Origine et histoire de la Brasserie Excelsior
L'ensemble de l'Excelsior a été construit de 1910 à 1911 pour Charles Maujean, propriétaire-gérant de l'hôtel d'Angleterre à Nancy, et Louis Moreau, brasseur à Vézelise, par les architectes nancéiens Lucien Weissenburger et Alexandre Mienville. Les travaux de maçonnerie ont été exécutés par Bernanose et Lommée, la structure métallique par la Grande Chaudronnerie Lorraine; le mobilier et la lustrerie proviennent des ateliers Majorelle de Nancy. La décoration stuquée a été réalisée par les sculpteurs Léopold Wolff et Guillaume, et les vitraux portent la signature de Jacques Grüber. De 1928 à 1929, l'ingénieur Jean Prouvé a aménagé l'accès par la rue Poincaré et conçu la rampe de l'escalier menant au caveau. Louis Moreau a décidé d'ouvrir à Nancy, lors du conseil de surveillance du 12 février 1910 de la Société Moreau et Cie, une brasserie de style Belle Époque destinée à être vitrine et lieu de débit exclusif de ses produits; le projet, baptisé Excelsior, a coûté 184 000 francs-or et a été amorti en 1919. La brasserie et l'hôtel de cinquante chambres, aujourd'hui transformées en appartements, ont été inaugurés en février 1911.

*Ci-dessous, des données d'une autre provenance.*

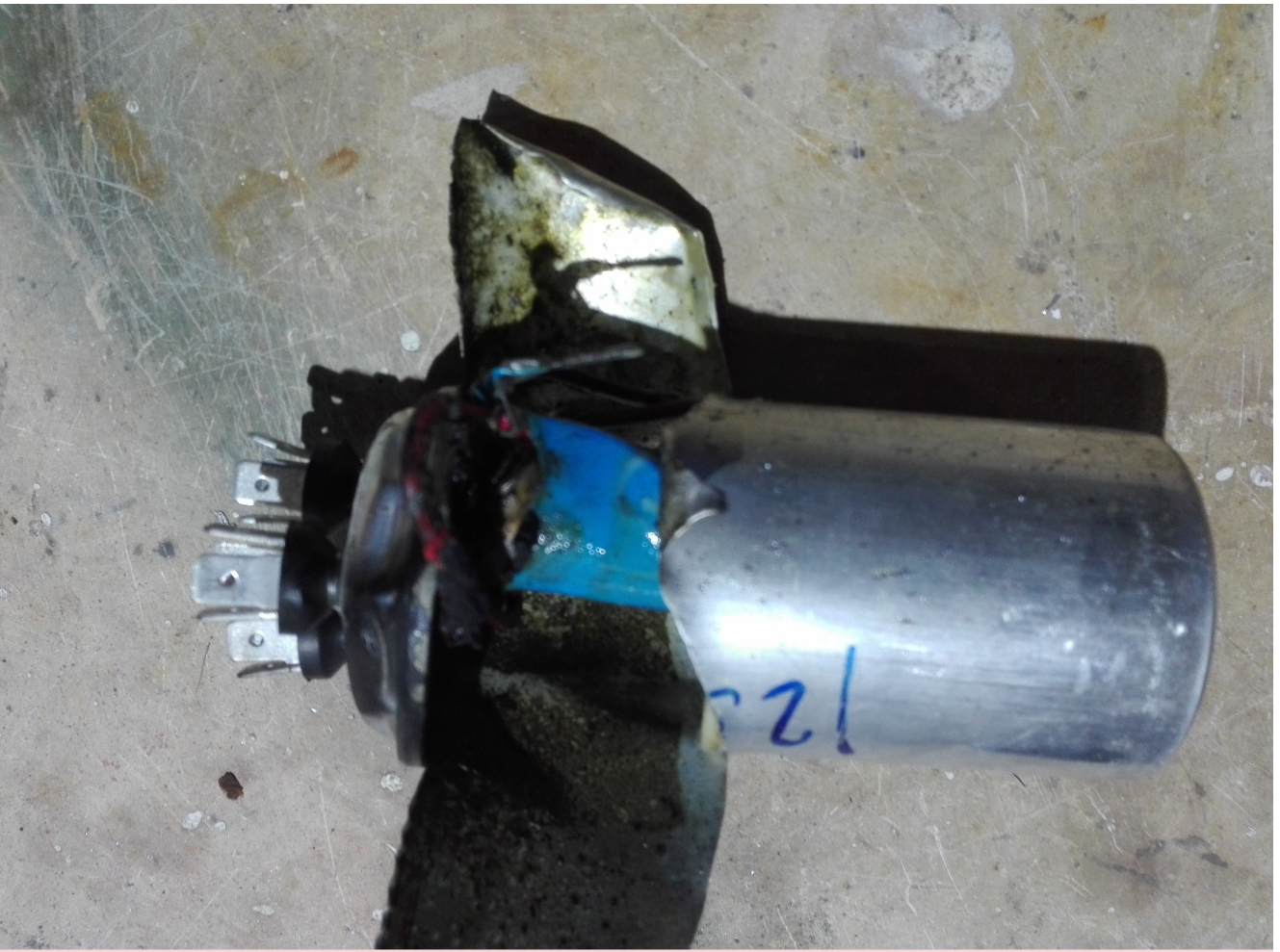
mbsm-dot-pro-capacitor-explodes- Pictures-B.jpg (1 MB)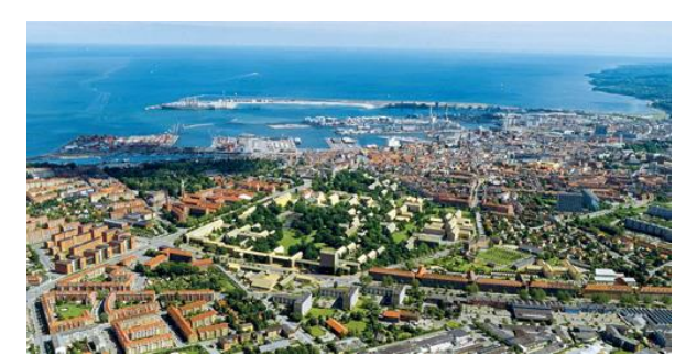
Photo of the campus area (the yellow buildings) and part of the city, 2005.

Aarhus has often been called the 'City of Smiles', and is proud of this nickname. Unpretentious, easy-going, fresh, optimistic, ambitious and buzzing with life. The City of Aarhus's vision is that Aarhus is and continues to be a good city for everyone.

Épargnée par les bombardements de la Seconde Guerre mondiale, la brasserie a néanmoins été menacée dans les années 1970 par un projet de restructuration du quartier de la gare qui aurait entraîné sa destruction; la municipalité a finalement renoncé après une intervention de Maurice Rheims. Les façades, toitures et la salle de brasserie avec son décor du rez-de-chaussée ont été classées au titre des monuments historiques par décret du 22 juin 1976. Le logo actuel de la brasserie utilise la police Arnold Böcklin, emblématique de l'Art nouveau.

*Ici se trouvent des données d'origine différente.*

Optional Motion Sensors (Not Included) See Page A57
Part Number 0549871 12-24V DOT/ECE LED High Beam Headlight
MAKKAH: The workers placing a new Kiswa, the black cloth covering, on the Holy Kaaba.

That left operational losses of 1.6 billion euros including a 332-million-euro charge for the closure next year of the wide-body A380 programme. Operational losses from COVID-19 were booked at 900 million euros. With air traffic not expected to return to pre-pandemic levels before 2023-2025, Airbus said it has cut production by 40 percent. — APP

L'édifice, situé à l'angle des rues Henri-Poincaré et Mazagran, offre un contraste marqué entre une façade extérieure sobre, rigide et verticale, et une grande salle intérieure aux lignes courbes décorées de motifs végétaux et exotiques, caractéristiques de l'École de Nancy. L'ensemble décoratif, tardif mais remarquable, résulte de la collaboration de Louis Majorelle, Jacques Grüber et Antonin Daum. Les vitraux de Grüber habillent de fougères, de pins et de feuilles de ginkgo les larges baies; au sol, une mosaïque signée Pèlerin dessine de grandes palmes stylisées. Le mobilier en acajou de Cuba, conçu par Majorelle, est associé à des lambris en tamarinier; l'éclairage comprend trois cents becs lumineux, des lustres et des appliques en cuivre ciselé signés Daum qui mettent en valeur les voussures ornées de fougères. Restaurée par le groupe Flo, la brasserie a retrouvé son éclat et demeure l'un des derniers témoignages des grands cafés et brasseries nancéiens du début du XXe siècle.

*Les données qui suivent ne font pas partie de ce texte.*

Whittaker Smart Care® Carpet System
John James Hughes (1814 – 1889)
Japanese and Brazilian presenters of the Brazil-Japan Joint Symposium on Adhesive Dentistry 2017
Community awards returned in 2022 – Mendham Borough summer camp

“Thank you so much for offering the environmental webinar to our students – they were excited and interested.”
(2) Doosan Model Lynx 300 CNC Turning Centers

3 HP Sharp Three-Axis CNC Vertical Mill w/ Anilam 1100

Une découverte récente en 2022 a mis au jour, dissimulée derrière un miroir dans la grande salle, une grande fresque Art nouveau représentant des personnages nus; l'image a été restaurée. Pendant l'entre-deux-guerres, une extension de style Art déco a créé une entrée latérale par la rue Henri-Poincaré menant à un vaste palier dont le sol porte les initiales "MV" de la Société Moreau à Vézelise. Ce palier dessert la grande salle à gauche, deux grands salons Art déco à droite et, en face, le grand escalier menant au sous-sol dont la rampe est l'œuvre de Jean Prouvé. Le sous-sol abrite les toilettes, d'anciennes cabines téléphoniques et le caveau, salle voûtée ornée de dalles de marbre gris et de patères chiffrées "MV".
La propriété a appartenu à la famille Moreau de 1910 à 1972, à Stella Artois de 1972 à 1986, au groupe Flo de 1987 à 2016, puis à un restaurateur-investisseur nancéien depuis 2016.